Thank you! Indeed to my knowledge there aren’t any expansion boards that do native 16-bit I/O transfers with the M24/6300 - this may well be the first one :D (I know there were memory expansion boards that presumably did native 16-bit memory transfers).


Thank you for bringing this thread to my attention - I didn’t know about it! I’ll read through it (maybe not all 57 pages).

Anyway I have some further updates...
 
More Updates

More Updates

Reading some recent posts I realised I wasn’t using the latest XTIDE BIOS - so I went here and I downloaded the r602 version for plain xt. With the enclosed utility I configured it for plain 16-bit ISA IDE adapters.

And now it does not crash anymore!!! At boot it recognises the IDE device:

8703468C-9A35-43CC-9DFC-6A0B43324227.jpeg

I did FDISK /MBR and then used FDISK to create a single DOS partition - which worked (after a couple of tries...). However formatting the drive fails after a few percent:

1508FF7B-19A7-4F4A-8496-099D94BB9C00.jpeg

So some progress - but still not quite there yet. At this point I suspect the XUB config is probably fine (I doubt I would have gotten this far if 186+ instructions were being used). What still is unclear is if 16-bit I/O writes work properly (that’s the only instruction my simple IDE info program does not test) and whether the whole board is stable (ie glitches, etc) and whether the timings work (my hack uses an awful lot of logic gates in series - maybe it works for reads but not for writes...).

Anyway, more testing needed. Some pictures of the current state of the board (the back is even worse):

D8F455A0-BC7B-4F86-BD96-D57267E54310.jpeg

51669B24-5A38-462A-A3A1-6169D12E97DF.jpeg
 
Thank you!
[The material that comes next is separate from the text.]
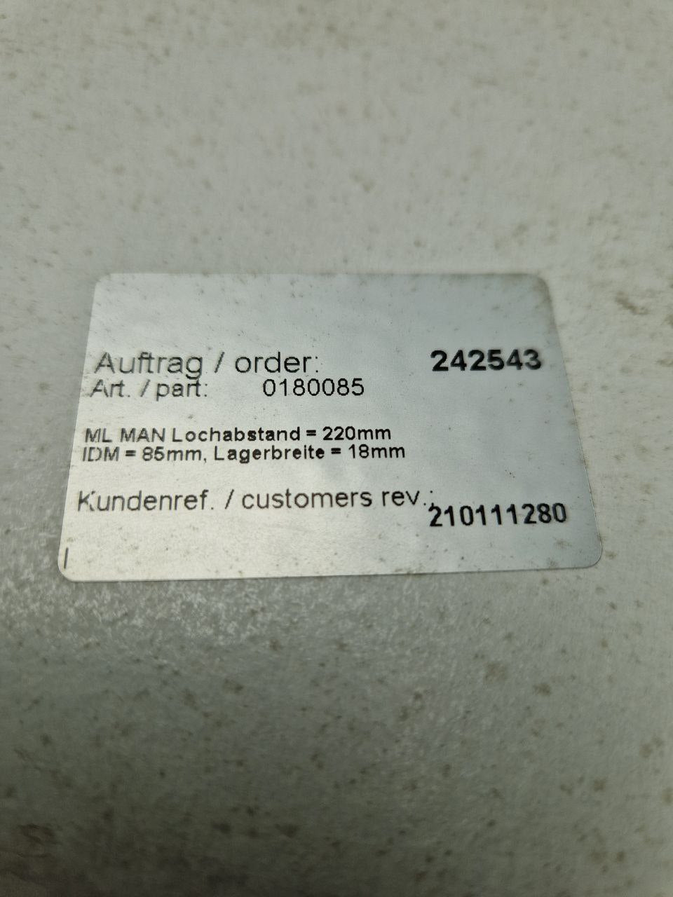 Cardan shaft hanger bearing, Hole spacing = 220mm, IDM = 85mm, bearing width = 18mm, ML MAN (Request price)

Indeed to my knowledge there aren’t any expansion boards that do native 16-bit I/O transfers with the M24/6300 - this may well be the first one :D (I know there were memory expansion boards that presumably did native 16-bit memory transfers).

The EEMS board is a 16-bit board (which I'll be installing next week when I get the 41256 chips to populate it :)
 
Thank you! Indeed to my knowledge there aren’t any expansion boards that do native 16-bit I/O transfers with the M24/6300 - this may well be the first one :D (I know there were memory expansion boards that presumably did native 16-bit memory transfers).

Yes, there are memory boards for such M24 which do not have 640kB onboard. And there is the M24 grpahics card itself, and the optional DEP board.